Стояли первые дни ноября. Легкий снежок запорошил улицы, побелил землю, и в воздухе стоял бодрящий запах молодого снега и неистребимой прели уходившей осени. Вокруг были все те же знакомые дома, улицы, переулки, неторопливые трамваи, редкие пешеходы, но во всем этом Василий Иванович не сознанием, а всем существом своим чувствовал что-то новое, молодое, обнадеживающее. Подходя к заводу, он видел все те же омертвелые трубы, серый забор, разрисованные полосами и пятнами крыши и стены цехов, но по какому-то странному совпадению весь этот налет войны не казался ему теперь опустошающим и безжизненным. Главные ворота завода были наглухо закрыты и даже на месте оторванного листа железа на их правой половине желтела кем-то старательно прилаженная фанера. В проходной Василий Иванович почти лицом к лицу столкнулся с удивительно знакомой седой женщиной.

— Марья, что ль? — с минуту разглядывая ее, спросил Василий Иванович, узнавая в женщине сверловщицу из второго механического цеха, которая лет десять назад ушла на пенсию и с тех пор не появлялась на заводе.

— Как видишь, я, — не по возрасту задорно ответила женщина. — На вас-то никакой надежды, вот и пришла.

— И ты кто же теперь? Вахтерша, что ли?

— Подымай выше: вроде начальника проходной, а заодно и вахтерша. Одна за всех!

Василий Иванович постоял с ней, поговорил о ее ушедших на фронт сыновьях и неторопливо прошел на заводской двор. Он еще ничего не увидел, но чутким слухом уловил какой-то гул, радостью отозвавшийся в его душе. Он глянул вправо и понял все. Ажурный столб около центральной трансформаторной будки был выпрямлен, от него тянулись к цехам и к будке три толстых провода. Гул в будке отчетливо показывал, что провода опять подают в цехи живительную энергию.

— Папа, ты куда? — услышал Василий Иванович встревоженный голос Веры. — Опять ушел. Опять свалишься.
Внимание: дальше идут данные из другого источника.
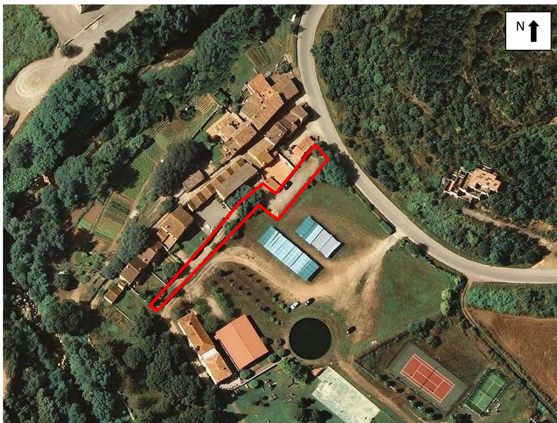
Imatge superior: situació del carrer de Gallicant dins el Barri de Gallicant.

A simple vista es poden veure dos carrers paral·lels i després l'entrada al Casino del Figueró.
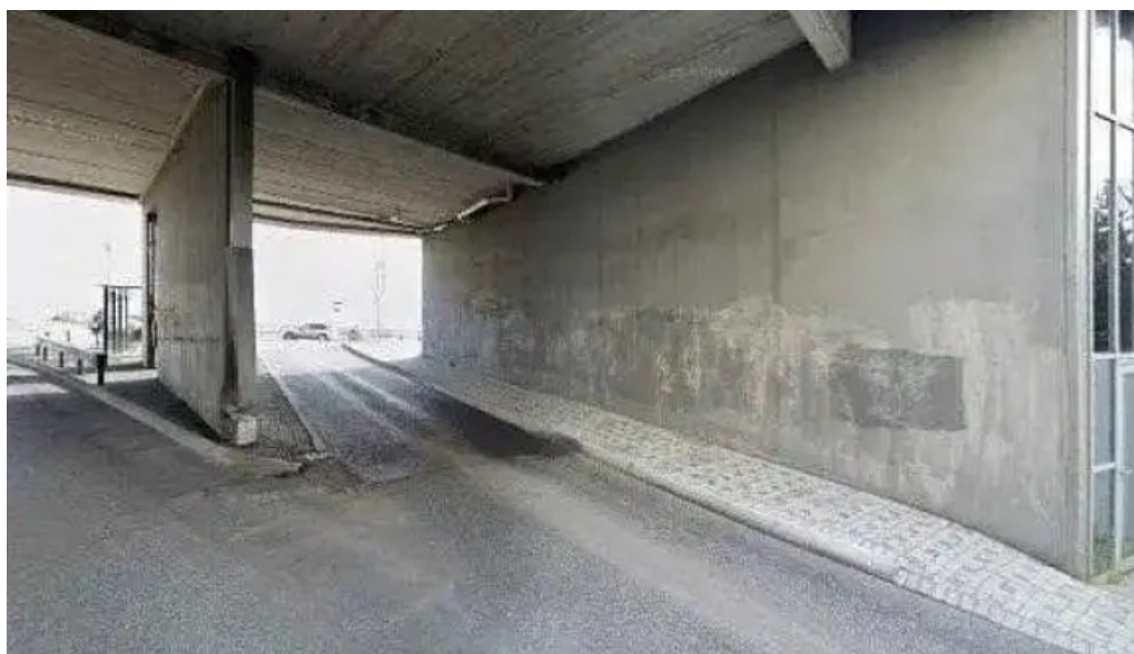
Bæjarskrifstofur kopavogs street view 360deg

— Не егози, не егози. Нужно было — лежал, а теперь хватит.

— Старая гвардия! Привет, привет! — раздался густой бас, и Василий Иванович увидел сутулую фигуру шофера Медведева, которого уже лет пятнадцать все звали Селиванычем. — Ты что же, старина, сдаешь? — басил Селиваныч, тиская руку старого приятеля. — Не годится, дружок, не к лицу нам.

— Иван Селиванович, — укоряла его Вера, — зачем вы так? Папа серьезно болен, а вы с такими разговорами.

— А ты иди-ка, делом своим занимайся! — прикрикнул на дочь Василий Иванович. — Тоже мне: яйца курицу учат.

— Верно, — поддержал Селиваныч, — ступай-ка в гараж, и чтоб к вечеру эта развалина, что привезли со склада, как новая была.

— Иди, иди! Не задерживайся! — еще раз прикрикнул Василий Иванович. — Ну, как дела-то? — спросил он Селиваныча и присел на груду ржавых болванок.

— Дела! — передернув просмоленными усами, буркнул Селиваныч и сердито скосил глаза на Полозова. — Сам видишь, — что творится! Не завод, а развалина. Наши-то вон с передовой прямо на завод за минами приезжают. А мы им что даем? Три десятка в смену! Горе горькое, а не продукция. И кто это удумал только из Москвы заводы вывезти? И на новых местах ничего не наладили, и тут пусто, а воевать надо. Ну ладно, браток. Прощевай пока. Побегу седьмой грузовик из мертвых воскрешать.

Василий Иванович с трудом поднялся, посмотрел на безмолвную котельную и пошел в цех. Как и в первый приход после эвакуации завода, тяжелые думы охватили его. Все вокруг казалось пустым, безжизненным, лишенным самого главного — неумолчного кипения работы. Ему представлялось, как сейчас там, где-то далеко на Урале, валяются в снегу машины, станки, те самые станки, которые он и его товарищи собирали и монтировали целых двадцать лет, а вокруг этих мертвых и безжизненных станков угрюмые и злые ходят рабочие, инженеры, директор завода. И у них, видать, как и у него самого, тоскливо и нудно на душе не только потому, что война подошла к Москве, но и потому, что сами бессильны сделать что-либо в эти трудные, безрадостные дни.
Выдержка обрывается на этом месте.